Switching variants in production
All three variants share the same reflexion.frakma.io ingress host, so only one should be active at a time. Switching is two commands:
# Remove current engine
kubectl delete wapp reflexion-engine-vertex -n warble-system
# Apply the new variant
kubectl apply -f k8s/reflexion/agents/engine-groq.yaml
# Watch the rollout
kubectl get wapp -n warble-system --watch
Or trigger the GitHub Actions deploy workflow with agent=engine-groq — it handles the image tag patch, kubectl diff, and the production approval gate for you.
Supporting components
| Component | Manifest | Why it exists |
|---|---|---|
| reflexion-ai-server | agents/ai-server.yaml | FastAPI service: hypothesis engine, healing API, metrics. port: 8000 |
| reflexion-executor | agents/executor.yaml | Validates and executes remediation actions with SLO + blast radius guardrails |
| reflexion-frontend | agents/frontend.yaml | Next.js dashboard. port: 3000, ingress: app.reflexion.frakma.io |
| qdrant | qdrant.yaml | Vector DB for semantic recipe search. Raw k8s — not a WarbleApp. |
The WarbleApp reconciler hardcoded port 8080 in its first version. ai-server runs on 8000 and frontend on 3000. Rather than forcing a PORT=8080 env var hack on every non-standard service, we added a port: field to the CRD spec so the reconciler wires the Service and Ingress backend to the right port natively.
Observability
Each component is scraped by Prometheus.

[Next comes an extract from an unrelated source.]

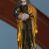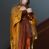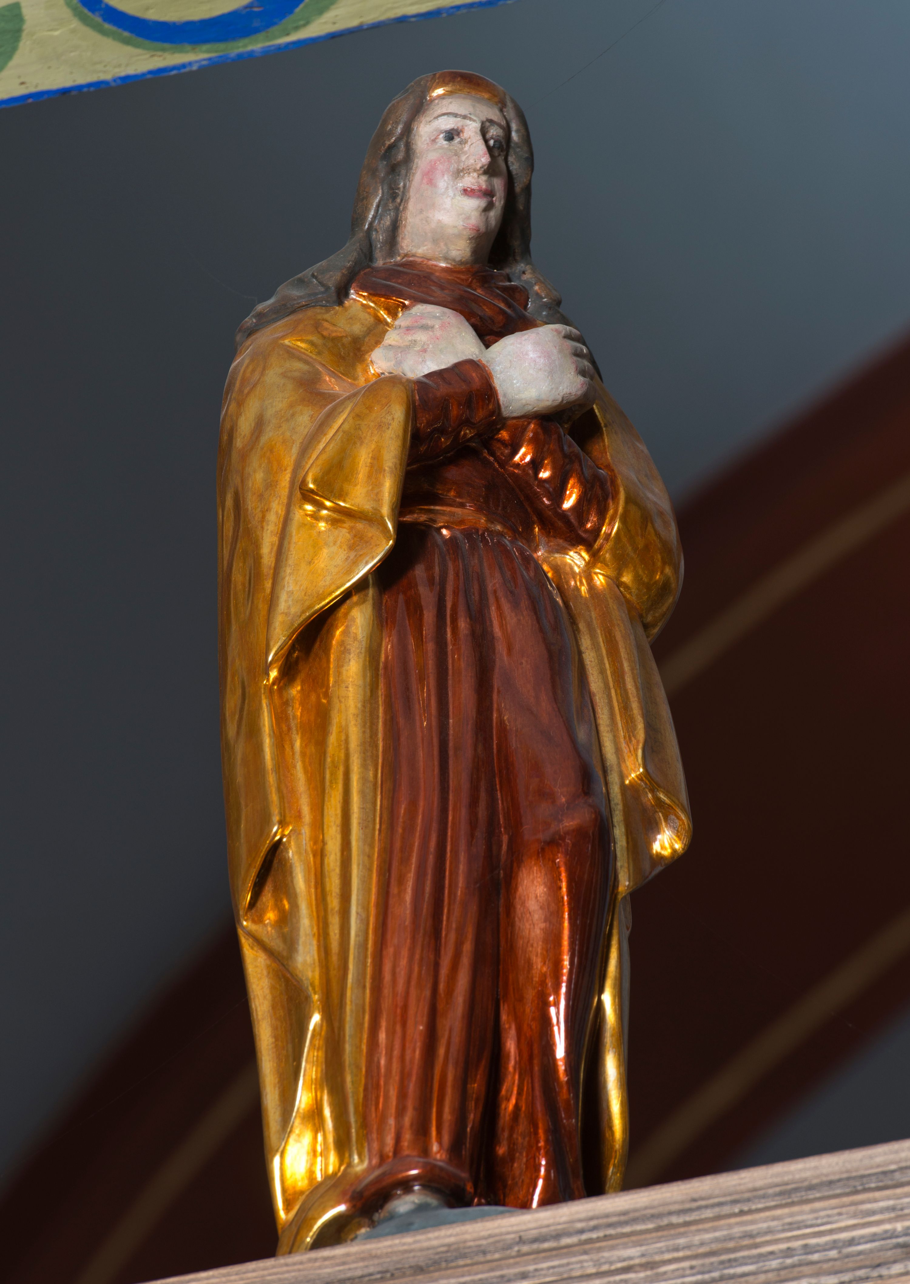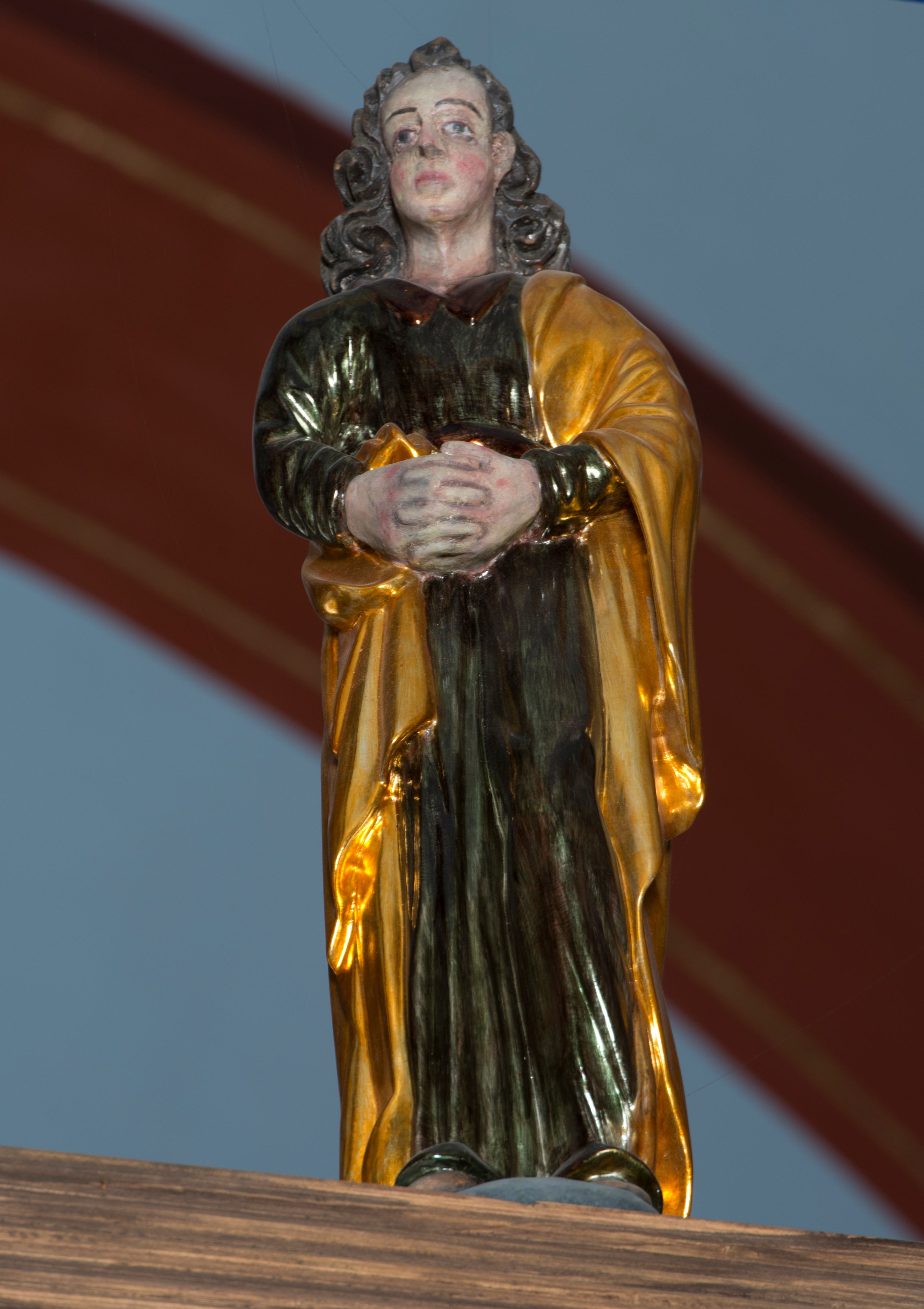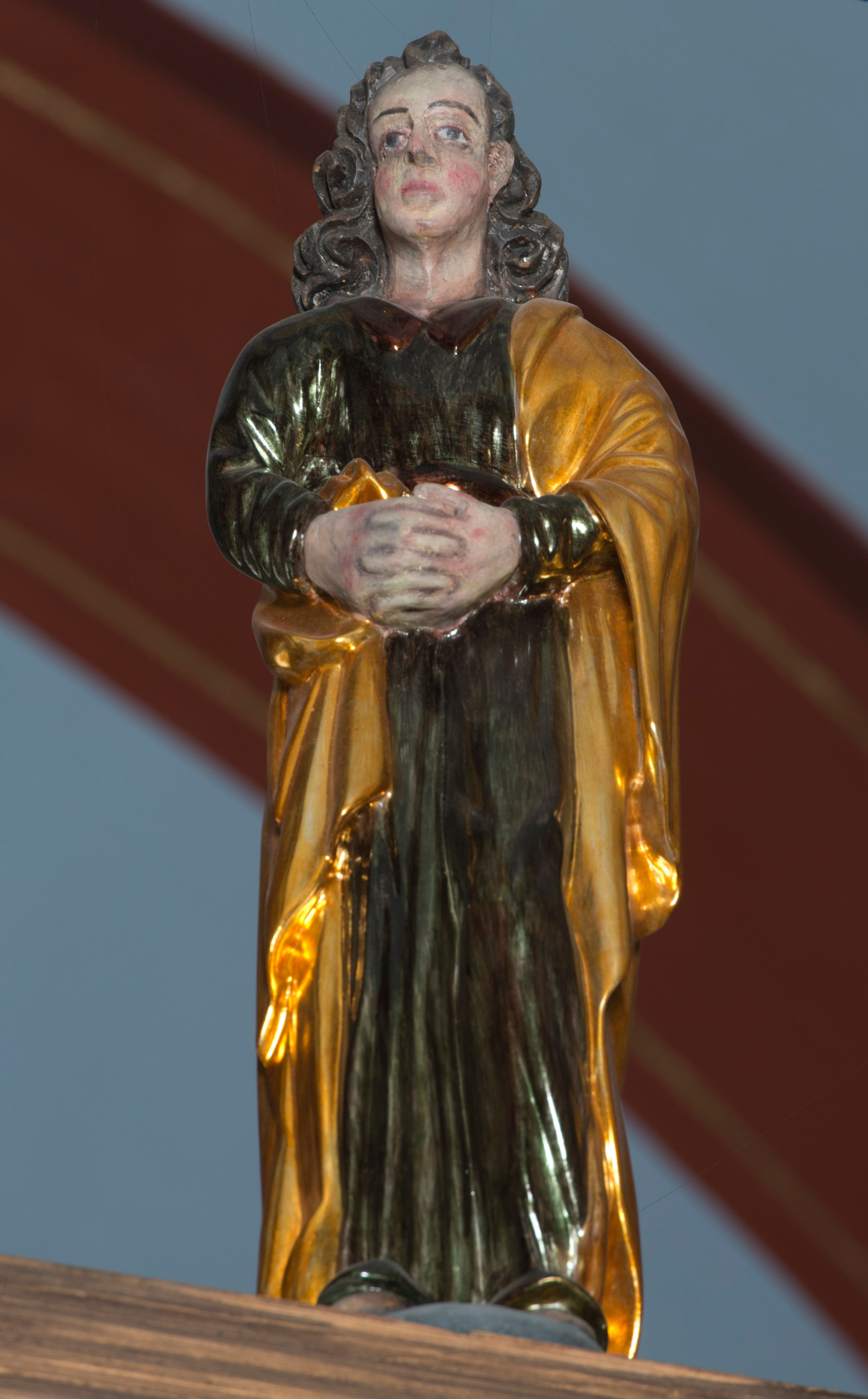 Święty Jan Ewangelista został zwrócony trzy czwarte w prawo w lekkim kontrapoście. Stojąc na niewielkim wzgórku, trzyma na wysokości brzucha splecione nieproporcjonalnie duże dłonie. Święty ma pociągłą twarz okoloną półdługimi, mocno kręconymi włosami, których pasma z lewej strony odsłaniają wydatną małżowinę uszną. Bardzo mocno zaakcentowano jego krtań. Apostoł ubrany jest w długą tunikę z charakterystycznym kołnierzykiem, malowaną laserunkiem na ciemnooliwkowo oraz złocony płaszcz narzucony na lewe ramię, którego połę zdaje się przyciskać do pasa prawą ręką. Spod tuniki widoczne są czubki stóp.

Grafana dashboards track:
- Incident volume and resolution rate by severity
- Actor LLM latency (p50/p99) by provider
- Critic rejection rate — high rejection = Actor producing unsafe hypotheses
- Executor action success/failure + rollback rate
- Token cost per incident (from OpenFaaS function logs)
The cost dashboard is how we validated the Groq variant: same resolution rate, $0.003 per incident vs $0.031 on Vertex-only — a 10× cost reduction with no measurable quality difference on the incidents we tested.
Lessons learned
- Separate Actor from Critic early. The temptation is to use one model for everything. Separating them lets you cost-optimise the Actor without compromising the safety guarantees of the Critic.
- Provider-neutral LLM abstraction pays off immediately. The
internal/llmGo interface — justGenerate(ctx, prompt)— took one afternoon to build and made swapping providers trivial. - WarbleApp CRD eliminates deployment boilerplate. Three variants, zero hand-written Deployment or Service YAMLs. The reconciler handles it all.
- GitOps means every provider switch is auditable. The Argo CD diff shows exactly what changed, who approved it, and when.